19.クラスメイトたちが
教室に入ると、一斉に視線が集まった。同情する目が多数の中、明らかに負の感情が混じったものがあった。それは当然に受ける罰だと言っているようなもので。
そんなことに動じるほど、決心した事は軽くなかった。
クラスメイトの反応を無視し、一人の生徒の方へと向かった。
「妹尾さん、ちょっといいかな?」
声をかけられた妹尾は大きく肩を震わせた。しかし、それはすぐに軽蔑の表情に変わった。
「何?」
「妹尾さんは今日の号外を知ってた? 新聞部に入ったんだよね」
何故それを知っているのか、と顔に出した妹尾に、笑みで答えた。
情報網を甘く見てもらっては困る。『万屋』はほぼ全部といっていいほど部活のことは把握していた。誰がどの部にいるかなんて些細なことだ。
妹尾は溜息を吐いた。
「知らなかったわよ。朝部長に聞いたら、昨日急いで二、三年生で作ったって」
「ありがとう。記事を書いた人は知らなかったみたいだけど、僕の利き手は左手なんだ」
妹尾はそう、と弱い笑みを返した。その笑みの理由はわからなかった。「利き手を怪我したんじゃなくてよかった」なのか、「情報をありがとう」なのか。

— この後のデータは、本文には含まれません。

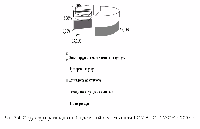 Из полученной таблицы 3.1 и рисунка 3.4 наблюдаются следующие изменения в структуре расходов по бюджетной деятельности ГОУ ВПО ТГАСУ в 2007г.: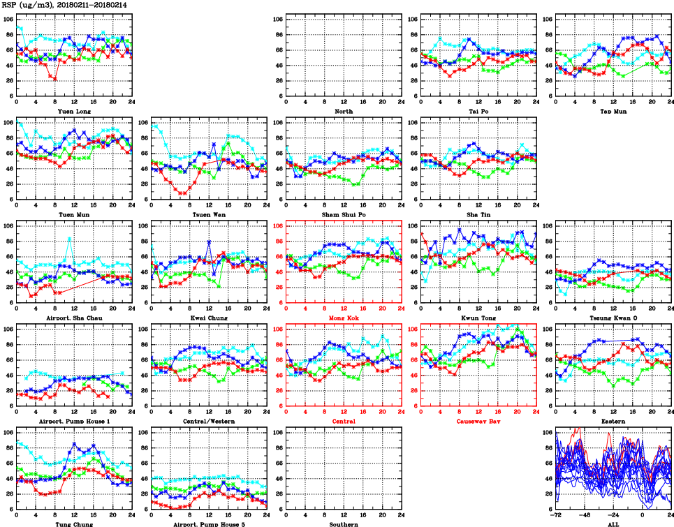 | Air Quality Data Time Series for RSP (2018/02/14) | ( Line colors: Day -3 Day -2 Day -1 Current day ) | 2D Map Current AQHI |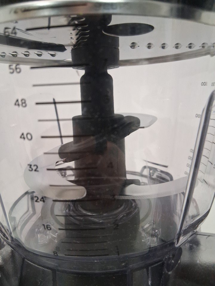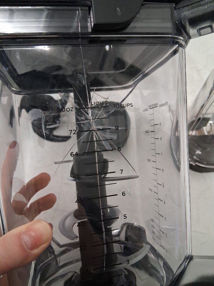 blades show signs of use. the large blender is cracked on the one side, these are replaceable parts. tested for power.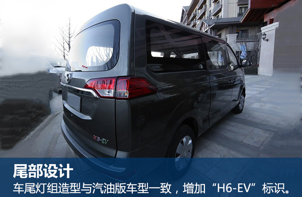 尾部方面,该车尾灯组造型与汽油版车型一致,并同样装配了尾门镀铬饰条,而该车尾门右下角的“H6-EV”车身标识则证明了电动版车型的身份。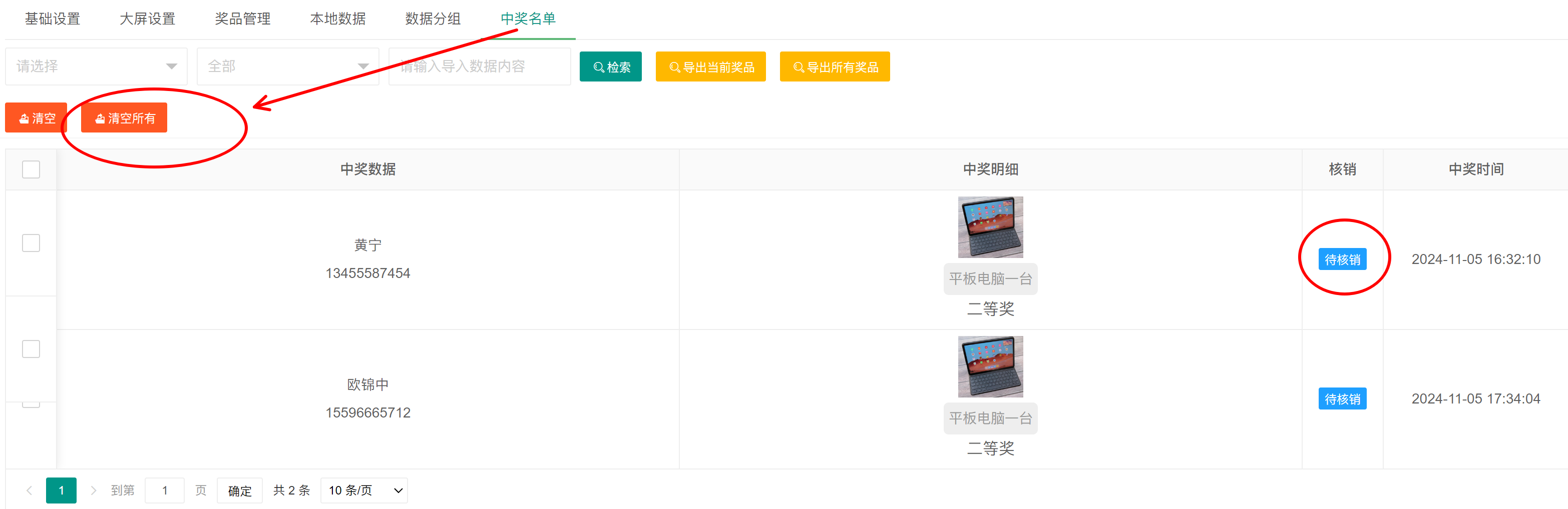 如现场已经兑奖了,下图中点一下 核销按钮就会显示已核销方便 区分。按图示箭头指向,点清空所有中奖记录,大屏刷新网址就可以重新测试抽了,活动现场正式抽奖后不能删除,否则永远不能找回数据!!!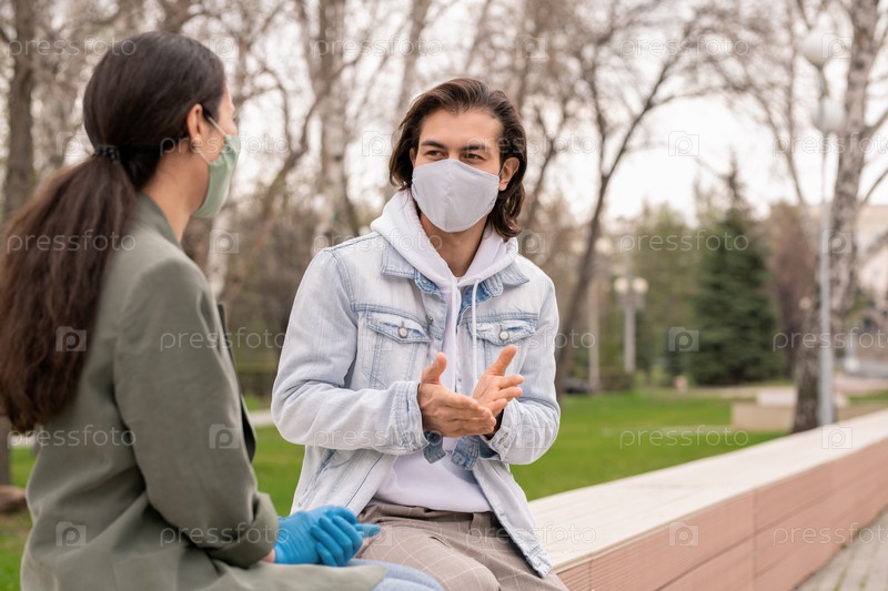 Молодой человек и его девушка в защитных масках обсуждают что-то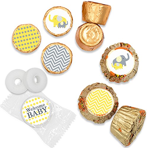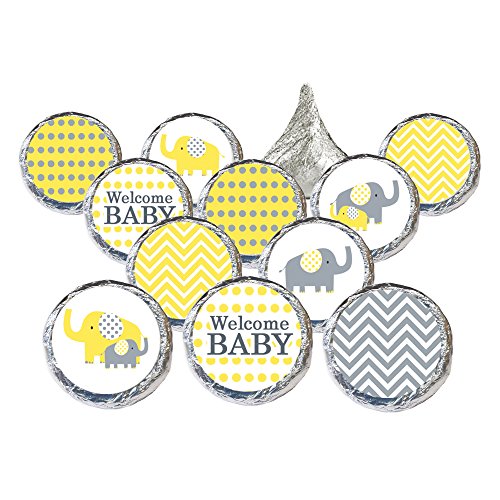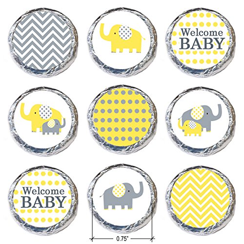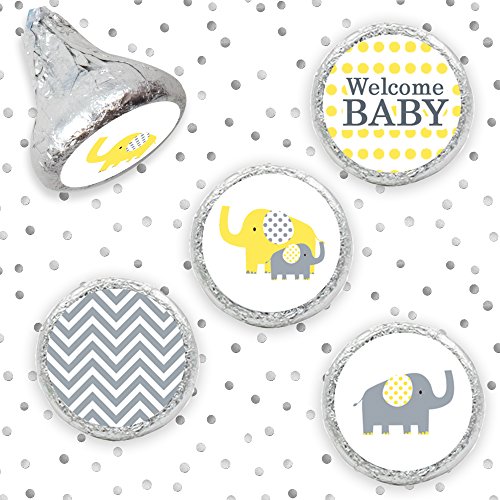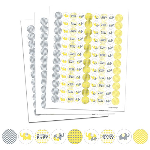 Yellow and Gray Elephant - Unisex Baby Shower Favor Stickers (324 Count)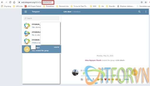 Tiếp tục tạo group sau đó add bot vừa tạo vào, sử dụng telegram qua web bạn sẽ lấy dc tham số -chat-id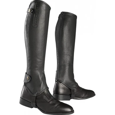 Volnerf rundleer halve chaps, fijn generfd. In soepel leer passen ze perfect bij uw kuit voor optimaal comfort. ‘YKK’ achterrits, beveiligd met drukknopen op flappen aan de boven- en onderkant. Elastische voetbanden zijn versterkt met leer.

それ以外かもしれない。
しかし、はっきりしたことがある。
昨日のことに関わったのは二、三年生。そして、検討をつけていた新聞部員。
犯人の一人、佐川が確定した。
放課後、いつものように部室へ向かおうとした僕の肩を真弓が掴んだ。
「真弓くん…何か用?」
問いかけに、真弓は逡巡した。言うのを躊躇っているようだったので待った。少しくらい部活に遅れてもかまわない。
真弓は重い口を開いた。
「一宮さんには気を付けてください」
「学人先輩に? 何で?」
「…あの人は須賀くんの怪我に関わっていると思うんです」
思う、と言ったが、表情からはそうに違いないという確信があるように感じた。また「何で?」と返しそうになったが、聞いたところで真弓は答えてくれない。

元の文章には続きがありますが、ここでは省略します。